Draft-ietf-lsr-ospf-prefix-extended-flags-06

I have reviewed this document as part of the security directorate's
 ongoing effort to review all IETF documents being processed by the
 IESG. These comments were written primarily for the benefit of the
 security area directors. Document editors and WG chairs should treat
 these comments just like any other last call comments.

The summary of the review is Ready; I see no security implications to this
draft although I have one substantial non-security comment related to handling
unassigned bits.

Introduction
“  Unassigned bits MUST be set to zero on transmission and MUST be
   ignored on receipt.
“
What happens if the sender and receiver have different views of which bits are
“unassigned”? Maybe because the sender and receiver’s software were written 5
years apart and the IANA registry changed in the mean time? I guess the two
options are: 1: the receiver MUST ignore unassigned bits by treating unassigned
bits as if they are 0. … this would generally allow for cases where the sender
is at a higher protocol level than the receiver without blowing up here …
although things could still blow up later if the ignored 1 bit ends up causing
the sender and receiver to behave differently in an important way. 2. the
receiver MUST ignore unassigned zero bits and fail with an error on unassigned
1 bits.

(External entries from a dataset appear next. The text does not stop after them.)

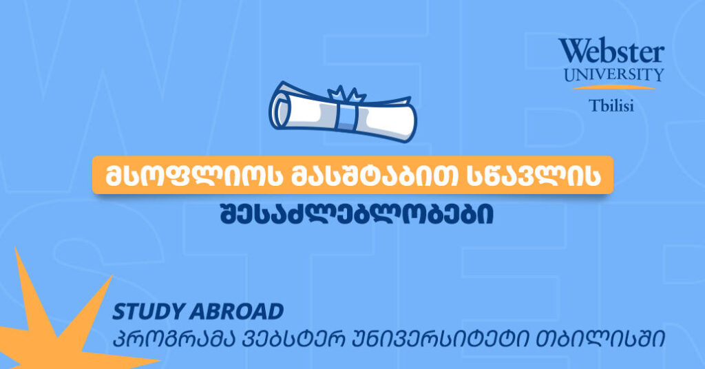 Webster University Tbilisi — ვებსტერის თბილისის კამპუსი — გთავაზობთ შესაძლებლობას, მიიღო ამერიკული ხარისხის განათლება საქართველოში, გაიარო სწავლის კურსი თანამედროვე მიდგომებით და, რაც მთავარია, გახდე გლობალური აკადემიური საზოგადოების წევრი. სტუდენტები სწავლობენ ინგლისურ ენაზე, საერთაშორისო დონეზე აკრედიტებულ პროგრამებზე, და იღებენ ამერიკულ დიპლომს, რომელიც უმაღლესი აკადემიური სტანდარტების შესაბამისად არის აღიარებული.
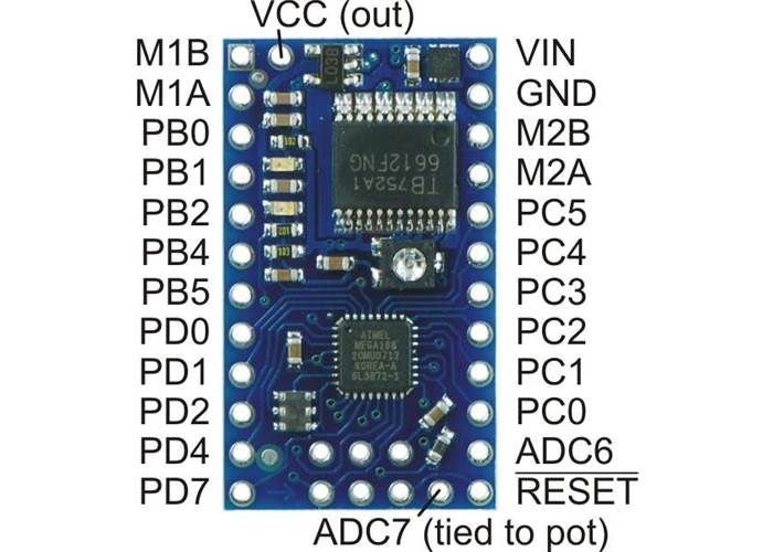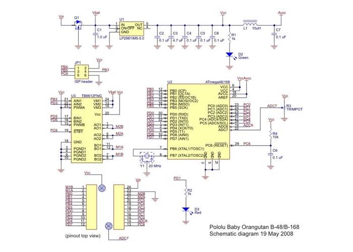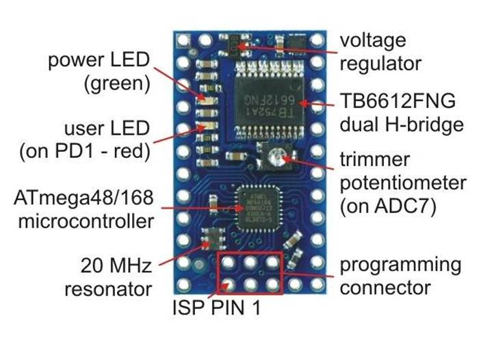 • pinout is compatible with the Orangutan SV-328 and 3pi robot, so the same code will generally work on all of these devices
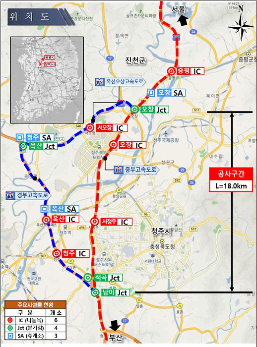 한국도로공사는 오는 12일 오전 9시부터 16일 16시까지 중부고속도로 오창JCT에서 남이JCT(남이방향) 18㎞ 구간 전차로를 주‧야간 전면통제 한다고 9일 밝혔다.
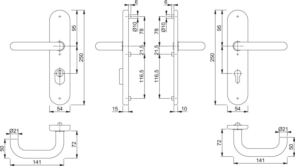 Sicherheits-Drückergarnitur Paris FS-138F/3332ZA/3310; Produkttyp: Sicherheits-Drückergarnitur; Produkttyp (Hersteller): Sicherheits-Drückergarnitur; Ausführung: Langschild; Form: oval; Zulassung: für Feuerschutz,für Rauchschutz,für Fluchttüren; Material: Aluminium; Form Türgriff (innen): U-Form; Ausführung Türgriff (innen): mit Stahlkern; Form Türgriff (außen): U-Form; Ausführung Türgriff (außen): mit Stahlkern; Länge Türgriff (innen): 141 mm; Länge Türgriff (außen): 141 mm; Höhe Türgriff (innen): 72 mm; Höhe Türgriff (außen): 72 mm; Durchmesser Türgriff (innen): 21 mm; Durchmesser Türgriff (außen): 21 mm; Material Unterkonstruktion (innen): Zamak/Stahl; Material Unterkonstruktion (außen): Stahl; Gütesiegel: RAL-GZ; Einsatzbereich: Objekttür; Türart: Vollblatt; Türwerkstoff: Holz,Stahl; Zylinderabdeckung: mit Zylinderabdeckung; DIN-Richtung: DIN Links-Rechts; Widerstandsklasse nach DIN 18257: ES 1; Vierkant: 9 mm; Entfernung: 92 mm; Lochung: Profilzylinder gelocht; Ausführung Vierkant: Vierkantvollstift; Farbe: silberfarben; Farbton: naturfarben; Oberfläche: eloxiert; Schildlänge außen: 250 mm; Schildlänge innen: 250 mm; Schildbreite außen: 54 mm; Schildbreite innen: 54 mm; Schildstärke innen: 10 mm; Schildstärke außen: 15 mm; Zylinderüberstand min.: 10 mm; Zylinderüberstand max.: 18 mm; Türstärke min.: 67 mm; Türstärke max.: 72 mm; Norm: DIN 18273,DIN 18257,DIN EN 179,DIN EN 1906; EN 1906 - Gebrauchskategorie: Klasse 4; EN 1906 - Korrosionsbeständigkeit: Klasse 4; Klassifizierungsschlüssel EN 1906: 47-D1142U
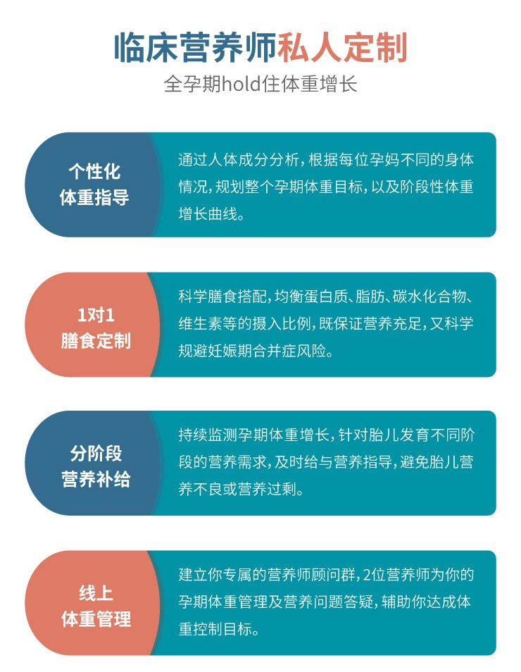 所以,为了帮助孕妈做好孕期营养体重管理,安琪儿营养科贴心推出“全孕期营养体重管理”套餐,由营养师团队私人订制,根据不同体质进行食谱定制、营养指导、体重管理,为母婴饮食营养健康保驾护航。

This is probably “safer” but basically means that you can’t really add
anything new to the registry.

If you go with #1, then you could combat “rusting shut” by borrowing the GREASE
idea from TLS [RFC 8701] and saying: “Following the GREASE paradigm [RFC8701],
senders SHOULD occasionally set randomly-chosen unassigned bits to 1 in order
to force receivers to be tolerant of additional flags being added to the
registry after the receiver’s code was written”. One way or another, I found
this sentence to be under-specified, so it should be made more explicitly clear.